(WHAT THE TASK REQUIRES):
Where the data below shows a picture, leave that picture out and copy the rest exactly.

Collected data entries
────

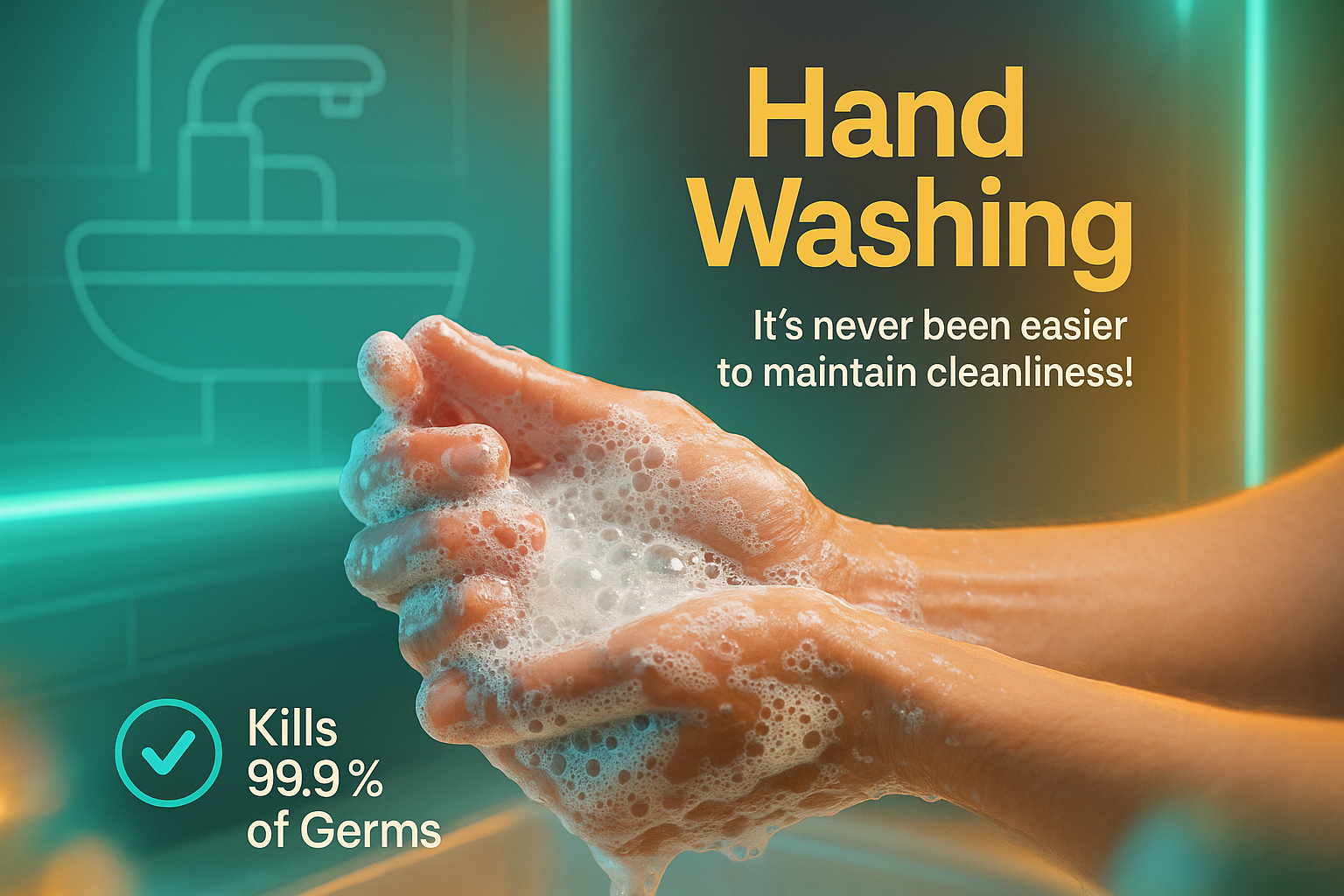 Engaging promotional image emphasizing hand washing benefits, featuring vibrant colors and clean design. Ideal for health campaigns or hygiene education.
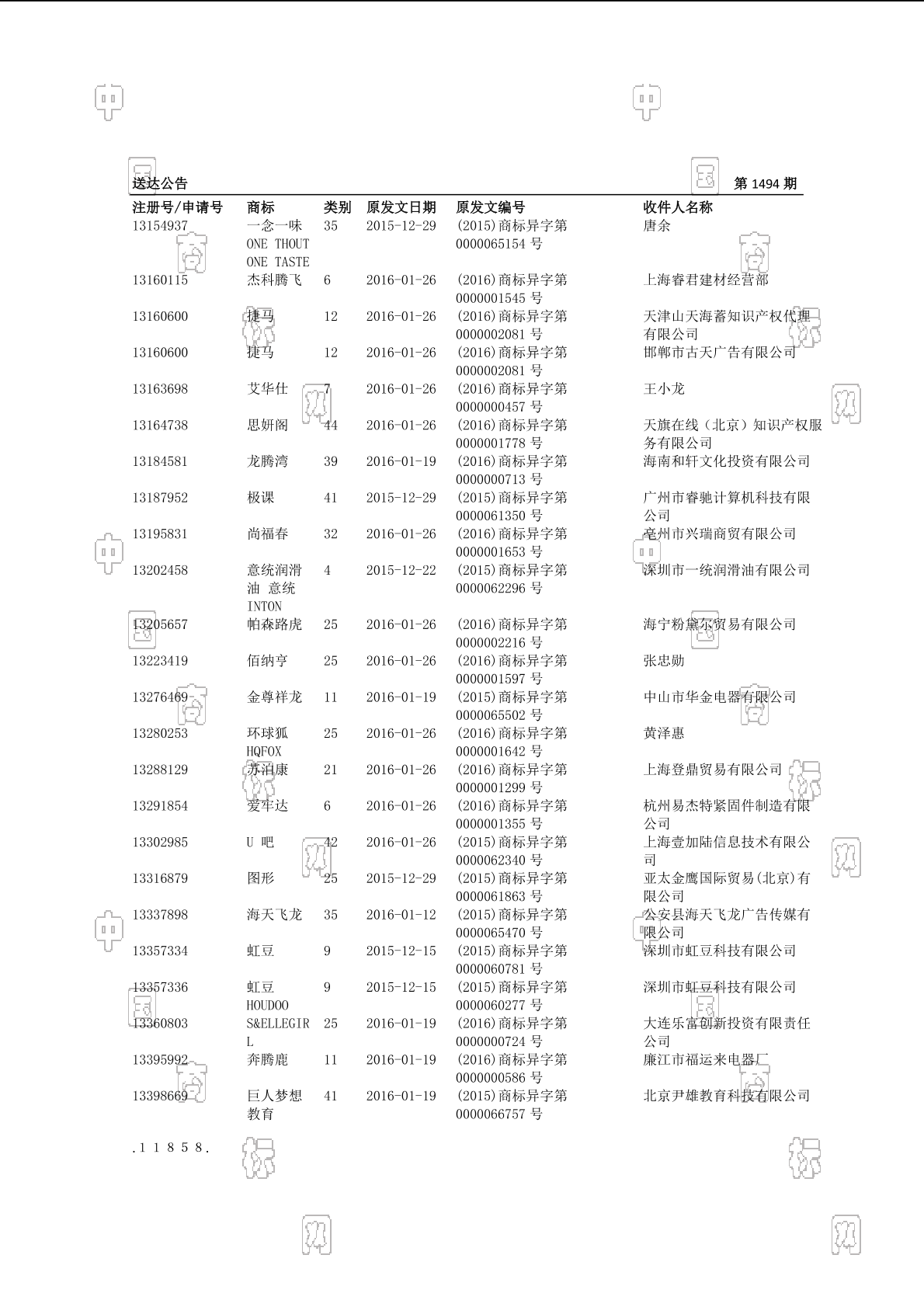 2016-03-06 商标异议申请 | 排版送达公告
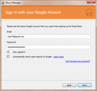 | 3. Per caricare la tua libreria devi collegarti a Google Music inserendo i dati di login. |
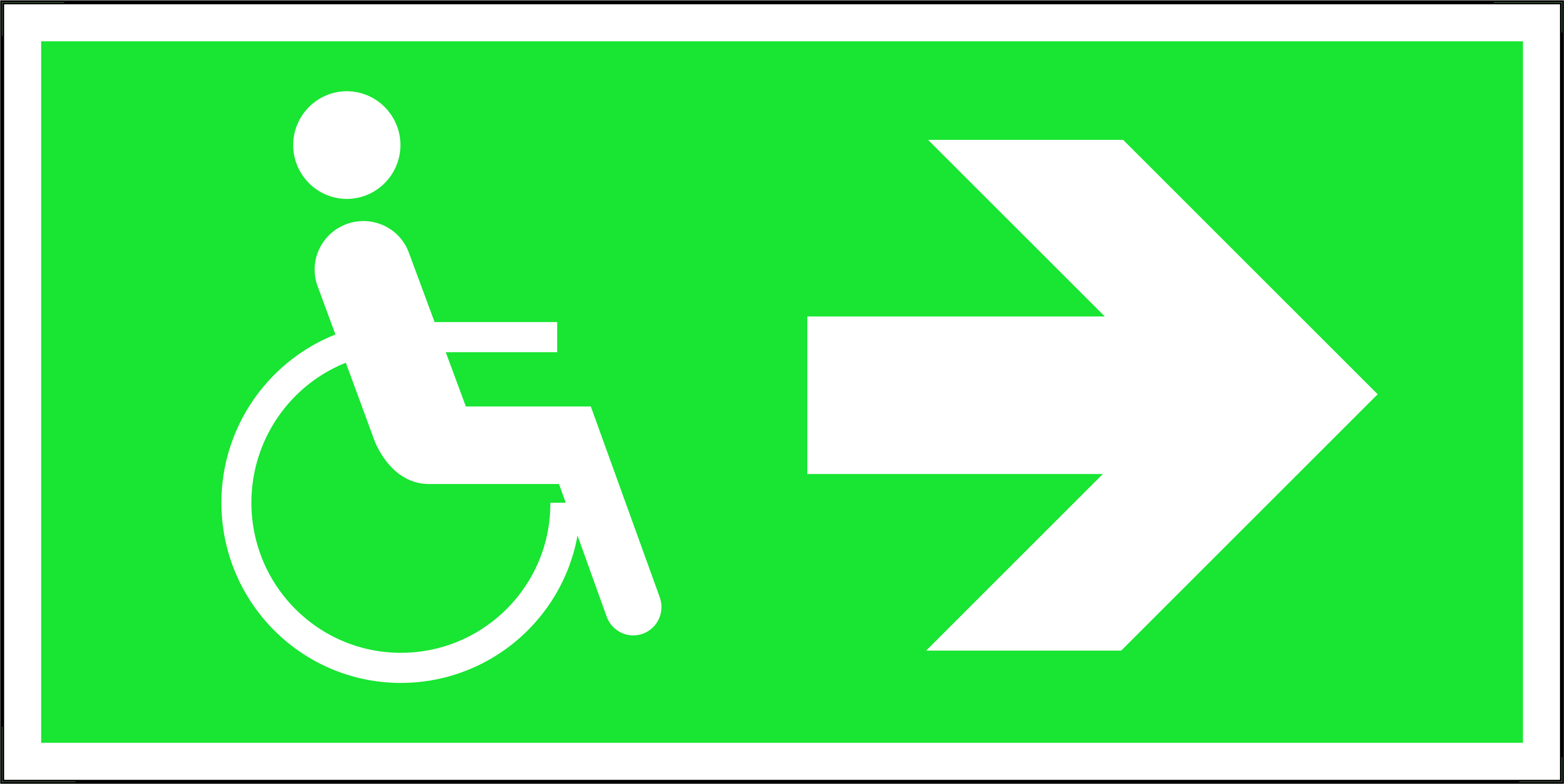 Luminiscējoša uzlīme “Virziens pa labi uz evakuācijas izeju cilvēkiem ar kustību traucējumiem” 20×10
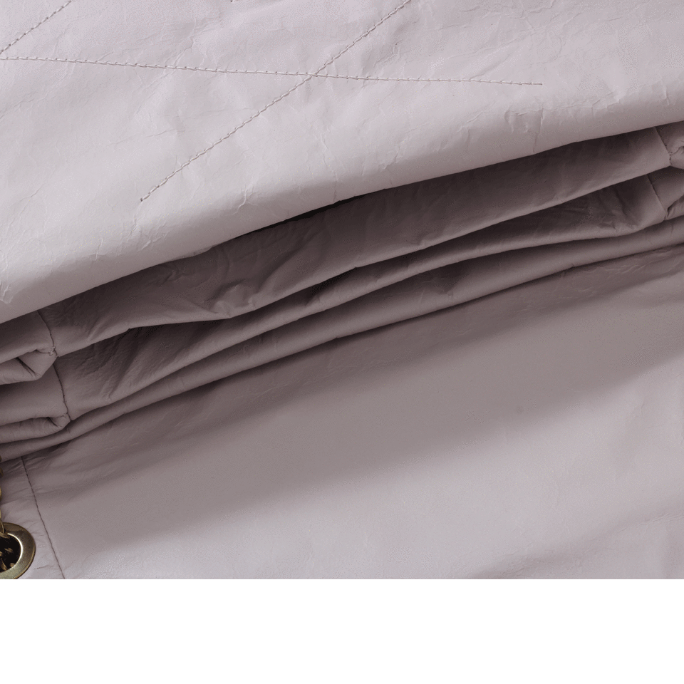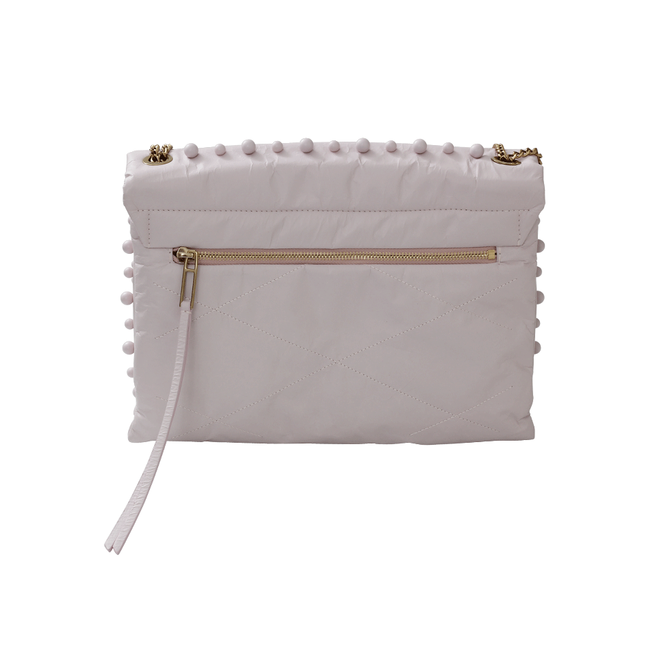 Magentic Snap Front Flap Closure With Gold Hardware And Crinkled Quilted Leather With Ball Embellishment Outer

────

(TASK SOLUTION):
 Engaging promotional image emphasizing hand washing benefits, featuring vibrant colors and clean design. Ideal for health campaigns or hygiene education.
 2016-03-06 商标异议申请 | 排版送达公告
 | 3. Per caricare la tua libreria devi collegarti a Google Music inserendo i dati di login. |
 Luminiscējoša uzlīme “Virziens pa labi uz evakuācijas izeju cilvēkiem ar kustību traucējumiem” 20×10
 Magentic Snap Front Flap Closure With Gold Hardware And Crinkled Quilted Leather With Ball Embellishment Outer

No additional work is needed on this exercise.